During the 2021 third quarter, the company incurred capital expenditures of $1.2 million. Chatham’s 2021 capital expenditure budget is approximately $6.3 million, excluding any spending related to the Warner Center development.

Hotel Under Development

Chatham is developing a hotel in the Warner Center submarket of Los Angeles, Calif., on a parcel of land owned by the company. The company expects the total development costs to be approximately $70 million, inclusive of land of $6.6 million. Including land, the company has incurred costs to-date of approximately $64.2 million. Construction is ahead of the previously announced schedule, and the hotel is expected to open during the 2021 fourth quarter.

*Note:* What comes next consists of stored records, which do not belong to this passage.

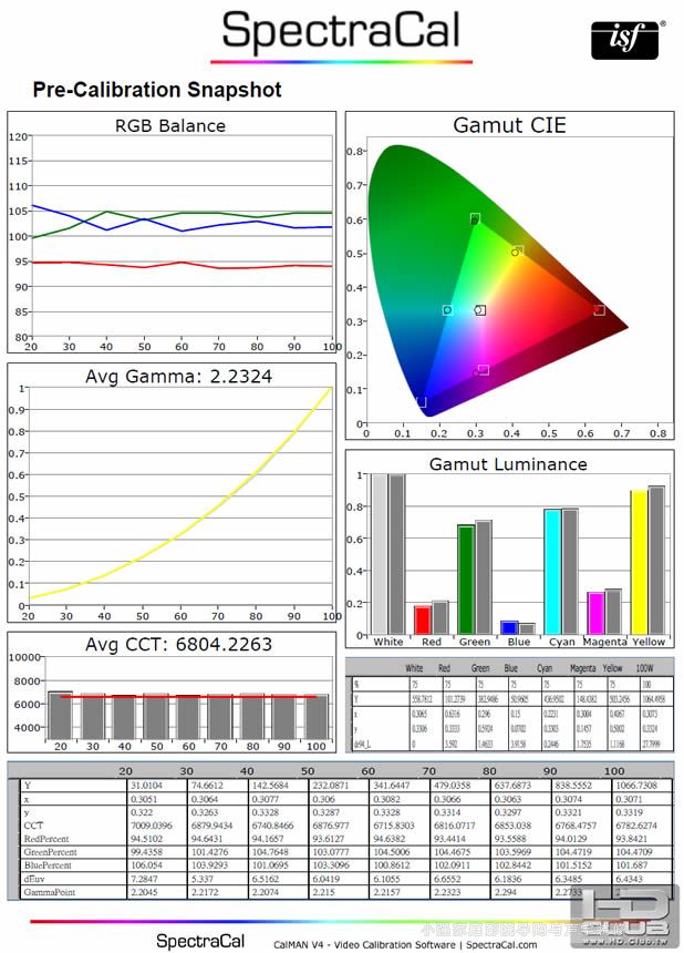 這張圖是小弟在關於色彩的各個選項中,組合出最接近HDTV標準的設定,色溫設定在D65的檔位,色域在EBU色域,GAMMA選擇標準,PURE COLOR關掉,其於皆預設值下的量測結果。
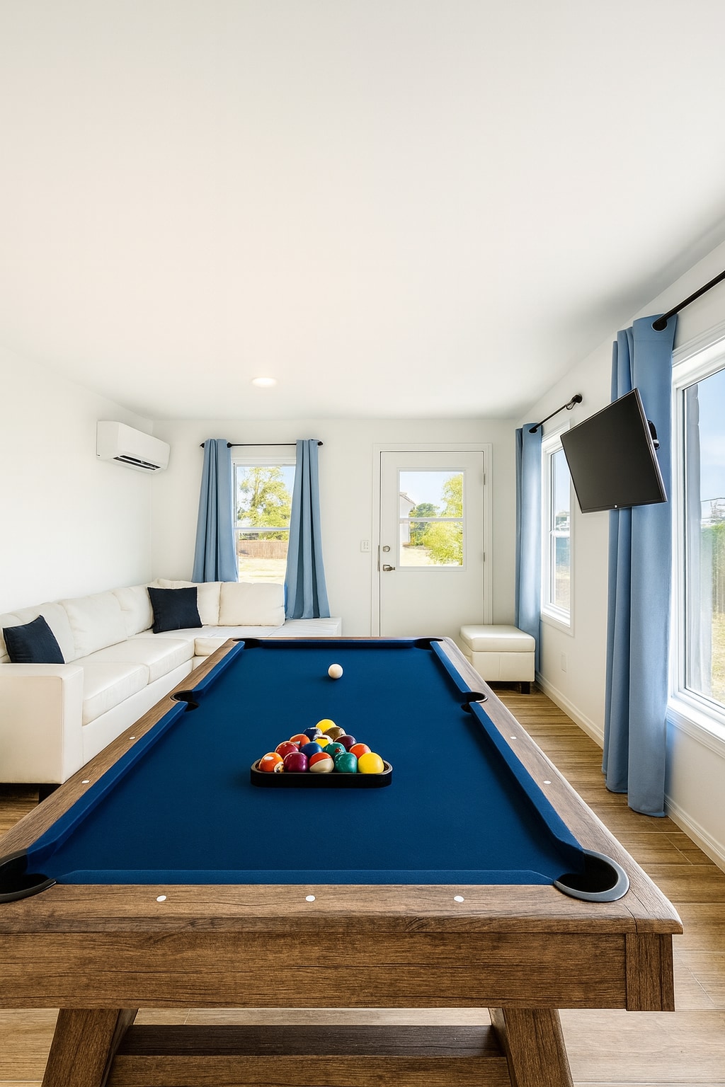 Muelle, kayaks, mesa de billar, baloncesto, hockey de aire.
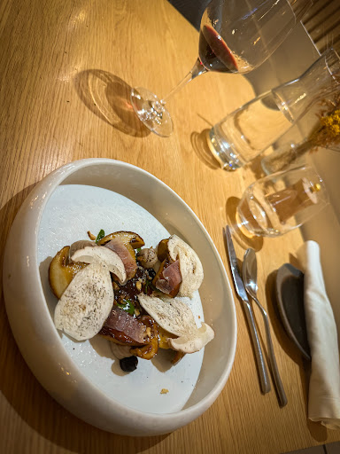 3 hours of papillotherapy! The setting is sober and warm, in contact with a Scandinavian light oak table, the room is made to muffle the noise and concentrate on the food. Four appetizers and seven dishes will follow one another and reveal to us in turn the inventiveness of Victor Ostronzec. This evening, the sea takes pride of place. The cooking of the fish is perfect, the presentation of each dish meticulous. The mixture of flavors announced delighted us, sometimes lively, sometimes slight, just spicy on a final bite. The service is efficient and discreet, the room-kitchen complicity is well established. The wines offered cover a wide range of grape varieties and regions as well as prices. The suggestions and advice in this last area were very useful to us, not knowing the menu in advance. I will often think back to the work accomplished on this pigeon bred by Jean-Christophe Duleau de Langon...
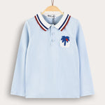 חולצה אופנתית לבנים, עשויה מבד תערובת כותנה איכותי ונושם - לנוחות מירבית לאורך כל היום. הגזרה כוללת שרוולים ארוכים וצווארון ריב פסים מעוצב עם כפתרה קדמית - ללבישה קלה ומראה מסודר. עיטור דקל סריג קרושה, משלים הופעה ייחודית וחיננית - המתאימה לשימוש יום יומי וליציאות משפחתיות.
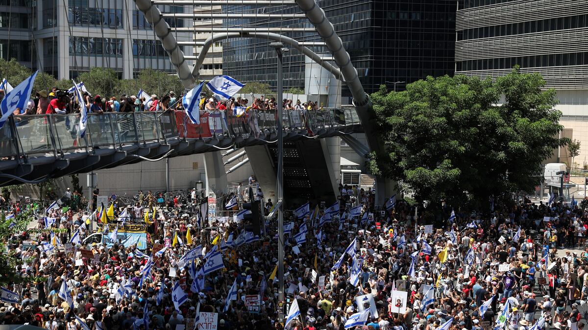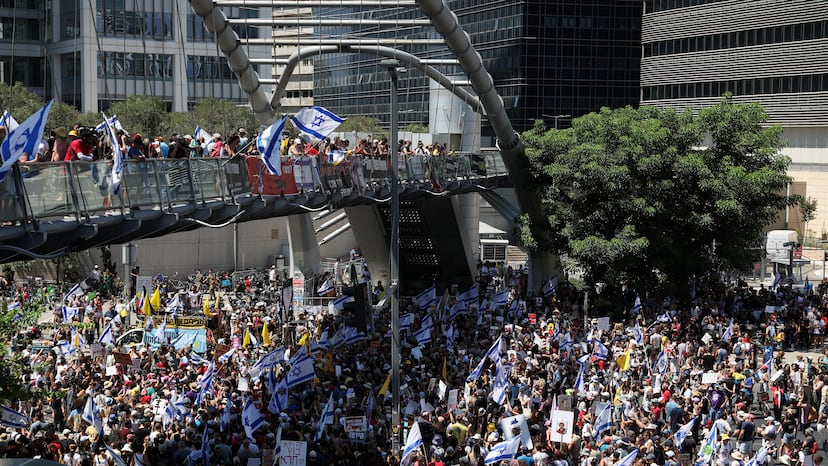 Aún hay 18 arrestados por las protestas del domingo en Tel Aviv. No en la manifestación general, sino ya en torno a la medianoche, cuando varios miles lograron saltarse el cordón policial y cortar la carretera de circunvalación Ayalón. El ambiente era otro. Los policías, algunos de ellos a caballo, emplearon cañones de agua y granadas de ruido para dispersarlos. Al avanzar, iban sacando a la gente a empujones.
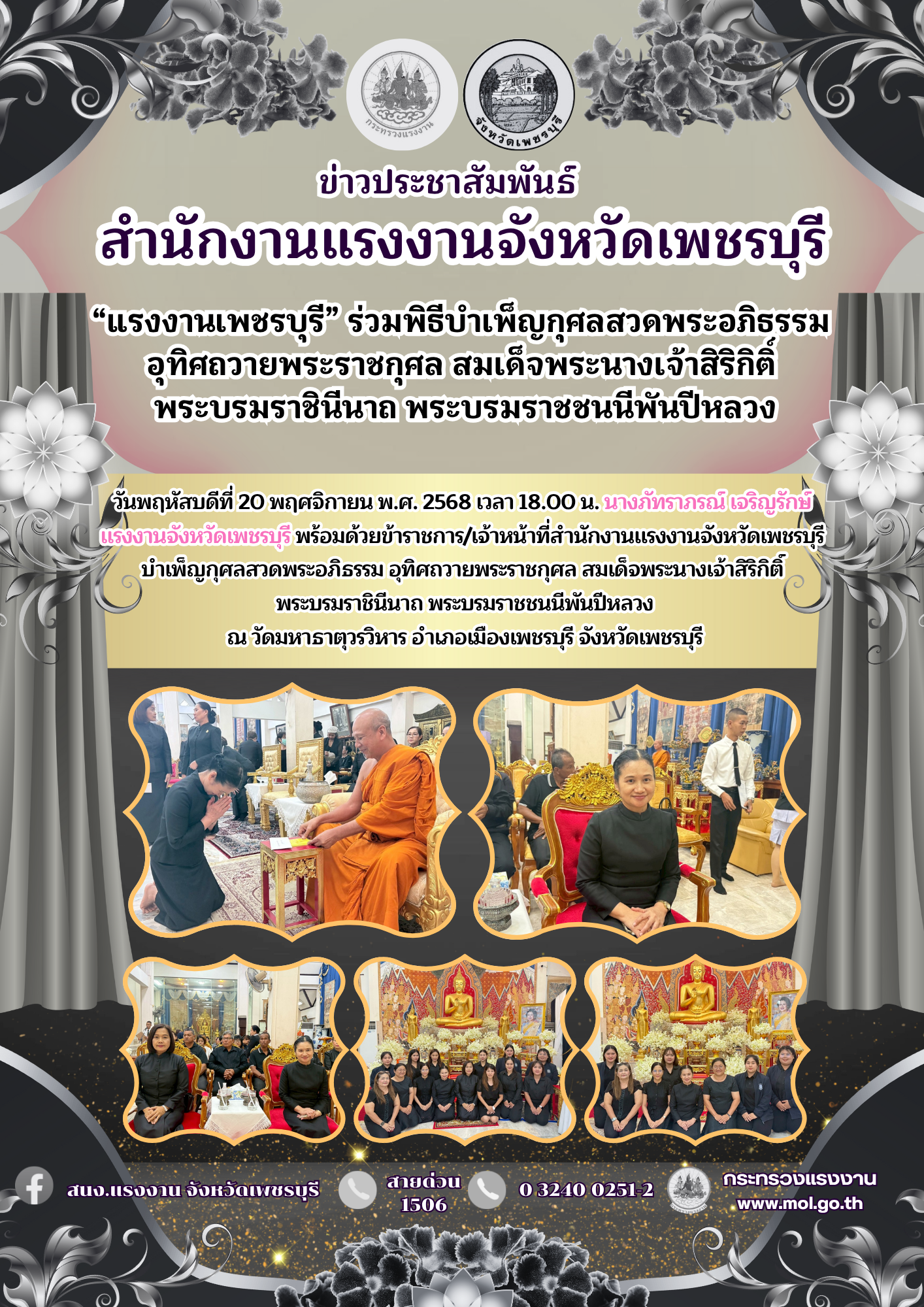 “แรงงานเพชรบุรี” ร่วมพิธีบำเพ็ญกุศลสวดพระอภิธรรม อุทิศถวายพระราชกุศล สมเด็จพระนางเจ้าสิริกิติ์ พระบรมราชินีนาถ พระบรมราชชนนีพันปีหลวง

Capital Markets & Capital Structure

On June 30, 2021, Chatham issued 4.8 million of its 6.625% Series A Cumulative Redeemable Preferred Shares at a public offering price of $25.00 per share, for net proceeds of approximately $116.2 million, after deducting the underwriting discount and offering-related expenses. On July 1, 2021, the operating partnership used the net proceeds to repay indebtedness under the company’s revolving credit facility and subsequently borrowed funds under its revolving credit facility to fund the $71.2 million purchase price for the Austin Acquisitions.

As of September 30, 2021, the company had net debt of $525.8 million (total consolidated debt less unrestricted cash), down $62.8 million from December 31, 2020. Total debt outstanding as of September 30, 2021, was $544.4 million at an average interest rate of 4.7 percent, comprised of $442.1 million of fixed-rate mortgage debt at an average interest rate of 4.6 percent, $70.0 million outstanding on the company’s $250 million senior unsecured revolving credit facility, which currently carries a 3.0 percent interest rate and $32.3 million outstanding on the Warner Center construction loan, which carries a 7.75 percent interest rate.

On April 30, 2021, Chatham repaid in full the $12.5 million mortgage secured by the Residence Inn New Rochelle, N.Y., that carried a 5.75 percent interest rate and was set to mature later this year.

Based on the ratio of the company’s net debt to hotel investments at cost, Chatham’s leverage ratio was approximately 30.6 percent on September 30, 2021, down from 37.7 percent on September 30, 2020. The weighted average maturity date for Chatham’s fixed-rate debt is April 2024.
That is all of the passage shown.